Но, несмотря на щедрейший, пусть и ничего не стоивший для неё, подарок доктора Иннганаморте, Дориан имел смелость и наглость просить большего. Дориан обращался к Богу и Аллаху, пророкам и всем святым, имён которых он не знал, прося только об одном – чтобы Леон пришёл в себя. Ведь сегодня их день, они имеют право на чудеса. И с того момента, как он проснулся, Дориана не покидала стойкая уверенность в том, что чудо непременно свершится.
Привычка твердила Дориану, что нужно начинать отмечать день рождения с самого утра. Хотелось ощутить щекотку от пузырьков шампанского на языке и их лёгкость в голове, чтобы волшебство разлилось по венам. Но он понимал, что доктор Иннганаморте унюхает, даже если он выпьет один глоток спиртного, и на пушечный выстрел не подпустит его к Леону, с этим в отделении реанимации было строго. Лучше уж сразу выпить яда.
По пути в больницу Дориан дурил голову водителю такси всякой ерундой, ёрзая от нетерпения, будто выпил с десяток банок энергетиков, напевал себе под нос что-то. Его радостность и весёлость казались переборовыми и неуместными, особенно для отделения реанимации, в которое он направлялся. Но они были главным доказательством того, что человеку для счастья нужно так мало – достаточно веры в чудо.
- Привет, - произнёс Дориан, зайдя в палату близнеца, и широко-широко улыбнулся.
Сев на стул около постели Леона, он с всё той же улыбкой продолжил:
- Не знаю, чувствуешь ли ты время, но уже настал наш день рождения.

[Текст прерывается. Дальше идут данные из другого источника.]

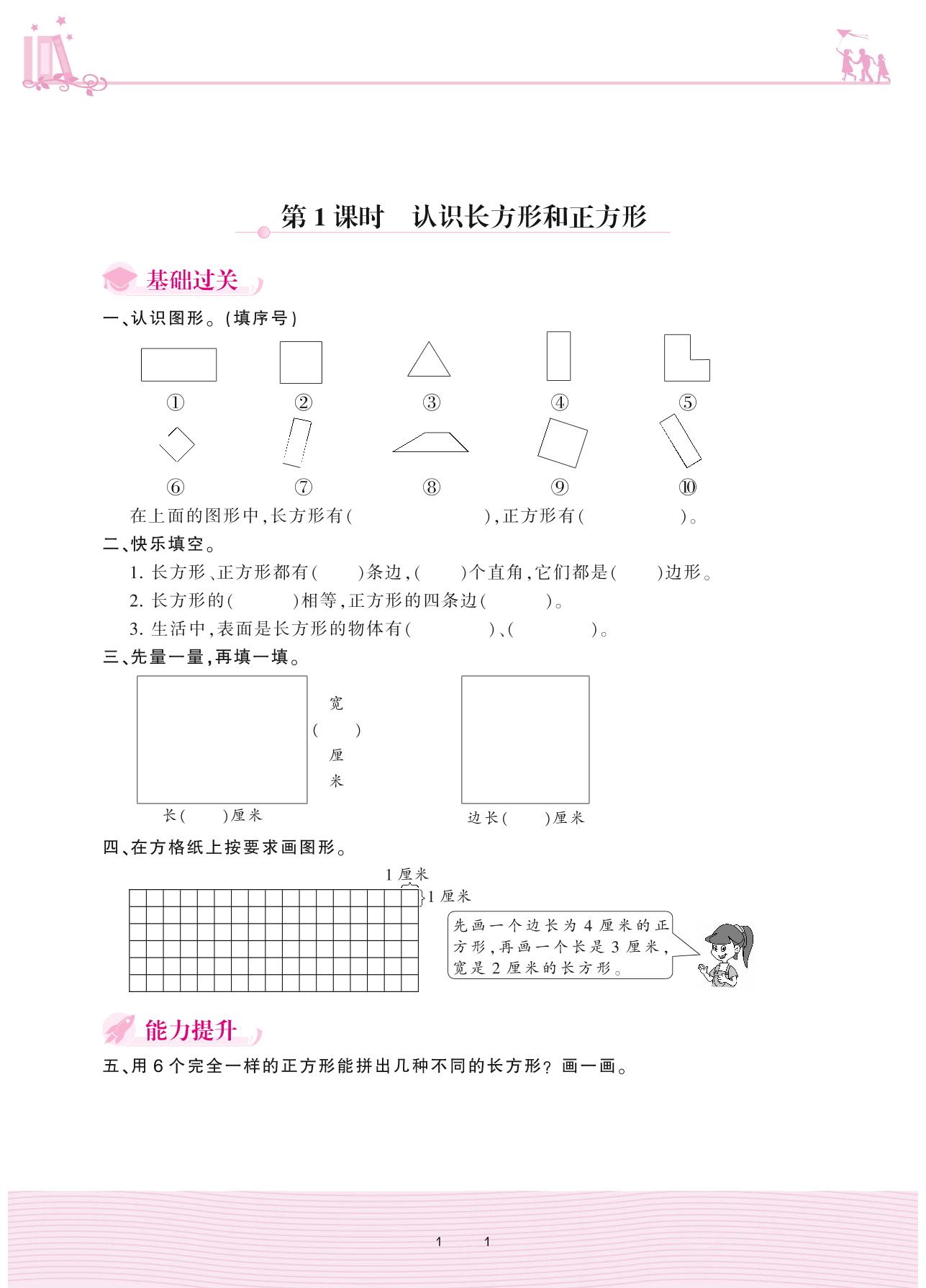 2020上册三年级数学苏教版 三 长方形和正方形——第1课时 认识长方形和正方形

Совсем большие мы уже, двадцать шесть лет… - он потупил взгляд и снова улыбнулся, после чего поднял глаза обратно к лицу старшего. – И этот день мы просто обязаны провести вдвоём. И мы и так вдвоём, но это не то, когда только один из нас бодрствует. Проснись, пожалуйста, ты и так уже заспался – неделю целую проспал. Сколько можно? Давай, не ленись, открывай глаза!

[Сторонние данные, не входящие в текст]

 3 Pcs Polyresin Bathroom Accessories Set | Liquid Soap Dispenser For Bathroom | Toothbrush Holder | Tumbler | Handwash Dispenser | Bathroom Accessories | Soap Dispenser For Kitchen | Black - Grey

Дориан и сам понимал, что говорит полный бред, но он сейчас казался правильным и нужным. Хватит уже серьёзности, от неё уже стало вконец тошно. А сегодня ведь праздник, и он имеет право повеселиться, а потом Леон в шутку попрекнёт его в том, что он даже около его больничной постели страдал фигнёй и устраивал спектакль одного актёра.